Preparing to unpack .../libsystemd0_237-3ubuntu10.43_i386.deb ...
Unpacking libsystemd0:i386 (237-3ubuntu10.43) over (237-3ubuntu10.42) ...
Setting up libsystemd0:i386 (237-3ubuntu10.43) ...
Setting up systemd (237-3ubuntu10.43) ...

[system dies]

TTFN:
To add to (and correct) my earlier comments: after the updating shown there, the machine had to be rebooted manually.

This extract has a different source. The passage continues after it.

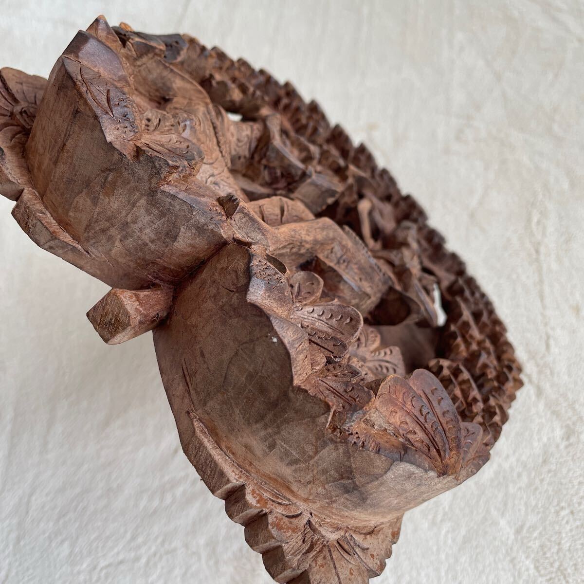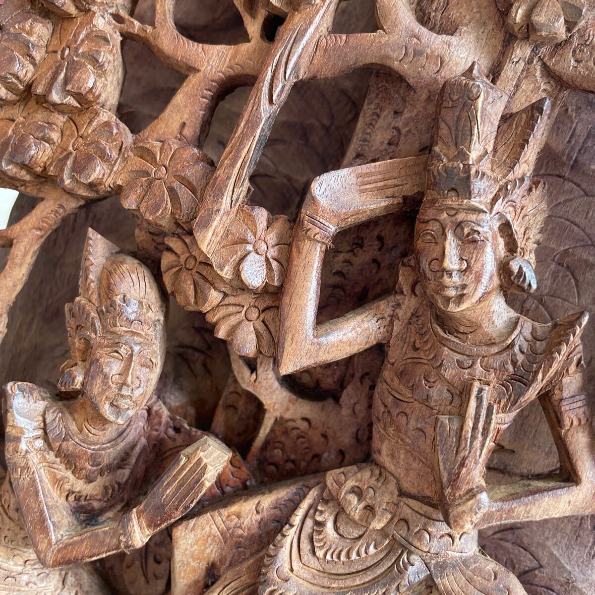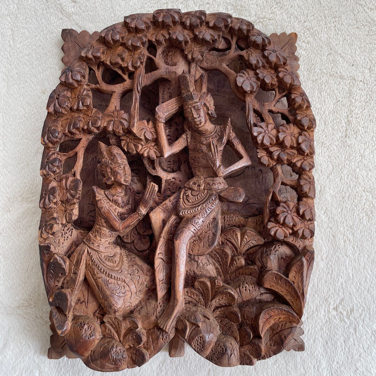 精巧な手彫り 東南アジア 仏教神話 工芸 木彫 壁掛け アート 仏教美術 レリーフ ヴィンテージ インテリア 雑貨 エスニック コレクション

Checking /var/log/apt/term.log it appears that the upgrade did complete successfully:

Log started: 2021-01-07 13:28:19
(Reading database ... 151099 files and directories currently installed.)
Preparing to unpack .../libnss-systemd_237-3ubuntu10.43_i386.deb ...
Unpacking libnss-systemd:i386 (237-3ubuntu10.43) over (237-3ubuntu10.42) ...
Preparing to unpack .../libpam-systemd_237-3ubuntu10.43_i386.deb ...
Unpacking libpam-systemd:i386 (237-3ubuntu10.43) over (237-3ubuntu10.42) ...
Preparing to unpack .../systemd_237-3ubuntu10.43_i386.deb ...
Unpacking systemd (237-3ubuntu10.43) over (237-3ubuntu10.42) ...
Preparing to unpack .../libsystemd0_237-3ubuntu10.43_i386.deb ...
Unpacking libsystemd0:i386 (237-3ubuntu10.43) over (237-3ubuntu10.42) ...
Setting up libsystemd0:i386 (237-3ubuntu10.43) ...
Setting up systemd (237-3ubuntu10.43) ...
Setting up libnss-systemd:i386 (237-3ubuntu10.43) ...
Setting up libpam-systemd:i386 (237-3ubuntu10.43) ...
Processing triggers for libc-bin (2.27-3ubuntu1.4) ...
Processing triggers for man-db (2.8.3-2ubuntu0.1) ...
Processing triggers for dbus (1.12.2-1ubuntu1.2) ...
Processing triggers for ureadahead (0.100.0-21) ...
Log ended: 2021-01-07 13:29:10

... this even though the (ssh) interface died at the point where systemd was being set up. The system now runs systemd 237-3ubuntu10.43. But based on past experience I think the same thing will happen the next time there is a version upgrade of systemd.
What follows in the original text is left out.